[Disclaimer: Not medical advice. Purely a research article.]
Selegiline is a drug that's typically used to treat parkinson's and sometimes certain kinds of depression.
It works by irreversibly inhibiting monoamine oxidase B (MAO-B) which is the enzyme that metabolizes dopamine. In other words, it destroys the enzyme that destroys dopamine.
Of course, dopamine still gets metabolized, but slower and using different — better — enzymes.
See, the issue with dopamine is that it's primarily metabolized by MAO-B. The resulting metabolites are significantly neurotoxic, as they are reactive oxygen species (ROS).
When MAO-B is inhibited, dopamine is metabolized using enzymes like diamine oxidase, which results in non-neurotoxic metabolites.

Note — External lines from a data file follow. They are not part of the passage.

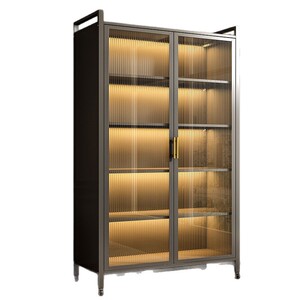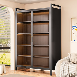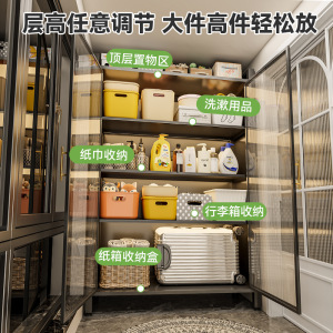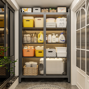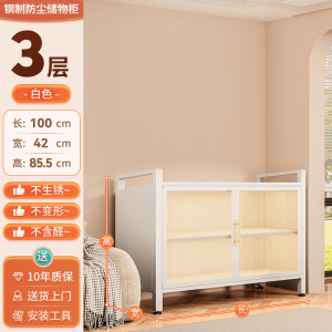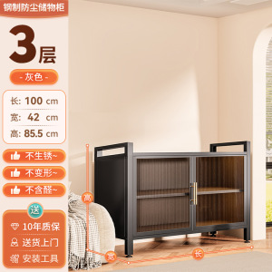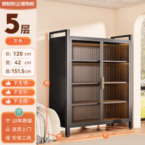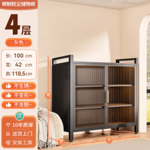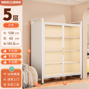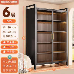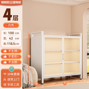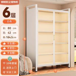 家用钢制对开门储物柜落地一体防尘收纳柜阳台客厅多层可调节柜子
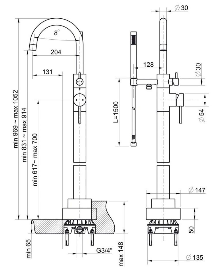 - Напольное расположение и высота смесителя позволяют установку в бассейн, сауну или станут новаторским решением для отдельно стоящей ванны.
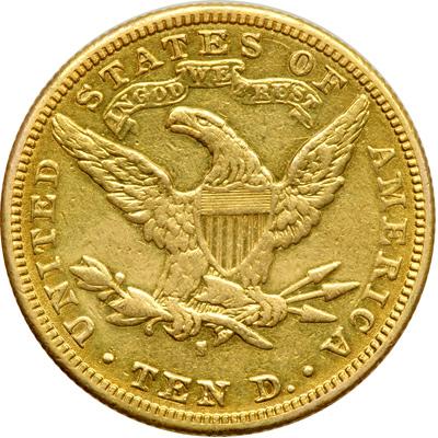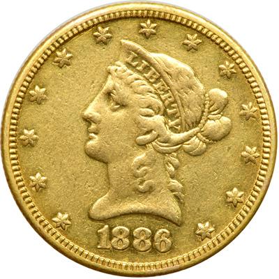 1886-S $10 Liberty. Sharpness of Very Fine. Worn as jewelry.
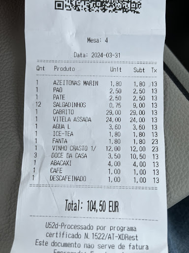 Read moreDona do espaço super arrogante Um almoço para 22 pessoas comida não chegou... Muita arrogância na hora de atendimento. Não passou fatura Não aceitou pagamento por multibanco e ainda pediu para que o mesmo fosse pago em dinheiro... 910€ em dinheiro sem fatura? Não tem Multibanco... Uma roubalheira falta de profissionalismo e pior é até negarem uma fatia de gelado... 910€ paga o gelado inteiro... Já para não falar que nem sobremesa tinham que chegasse para todos... Pior foi confrontar a dona e a mesma ter a lata depois de tudo isto ainda dizer não ia estar a fazer 20mousse de chocolate... Ridículo
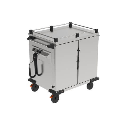 The robust food transport trolley, with a smooth worktop on top including an all-round gallery and with two separately controllable, electrically heated cupboard cabinets, at the bottom is used for the safe transport of food, for keeping food hot and cold and for serving food in a GN system. For the best food quality in food distribution.
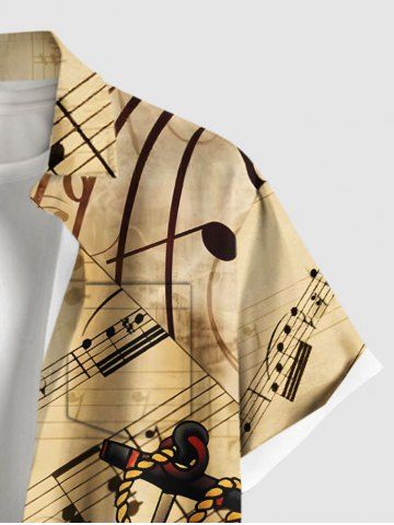 Chemise hawaïenne grande taille pour homme, à imprimé tête de mort, ancre et notes de musique, boutons et poche. - Bronze - 4xl

The "irreversible" part of "irreversible inhibitor" is important. Enzyme inhibitors are typically reversible, which means that they just occupy the enzyme resulting in the substrate (the substance that would be metabolized by this enzyme) not being able to bind, or at least not in high quantities. The inhibitor competes with the substrate for the enzyme.
Irreversible inhibitors, on the other hand, destroy the enzyme. The effect is much longer lasting. Irreversible sounds permanent, but it's irreversible in the sense that it does something that can't be reversed (destroys the enzyme), rather than irreversible in the sense that the body can never go back.
The body naturally gets rid of & synthesizes new enzymes, so in some time, the MAO-B would replenish if you halted use. It's said to take around 45 days for the inhibition to halve, then another 45 days for the remaining half to halve, etc.
- Zero risk of Parkinson's disease
- Extremely low risk of Alzheimer's disease
- More focus, motivation, and better mood
- Less anxiety
- Longer lifespan
Here are two excerpts from my notes:
- Extremely mindful and present focus today on 5mg selegiline (last 2 days 10mg, today 5mg, I'm probably fully inhibited by now). Focused on coding so well. Literally did more work today than in past few weeks.
- Ever since I'm on selegiline, I find it easy to get into flow and actually do a lot of work. It also makes modafinil less euphoric and more focused. Overall the feeling is present mindfulness.
- Sounds almost too good, yet it's so subtle. I don't think placebo would be doing this.
If that sounds appealing, read on. I'll discuss each of those things in detail in the following paragraphs.
Monoamine oxidase has two subtypes. Monoamine oxidase A and monoamine oxidase B.
A is used to metabolize things like serotonin, and — importantly — tyramine.
B is used to metabolize dopamine, phenethylamine (PEA), amphetamines (Adderall, Vyvanse, methamphetamine)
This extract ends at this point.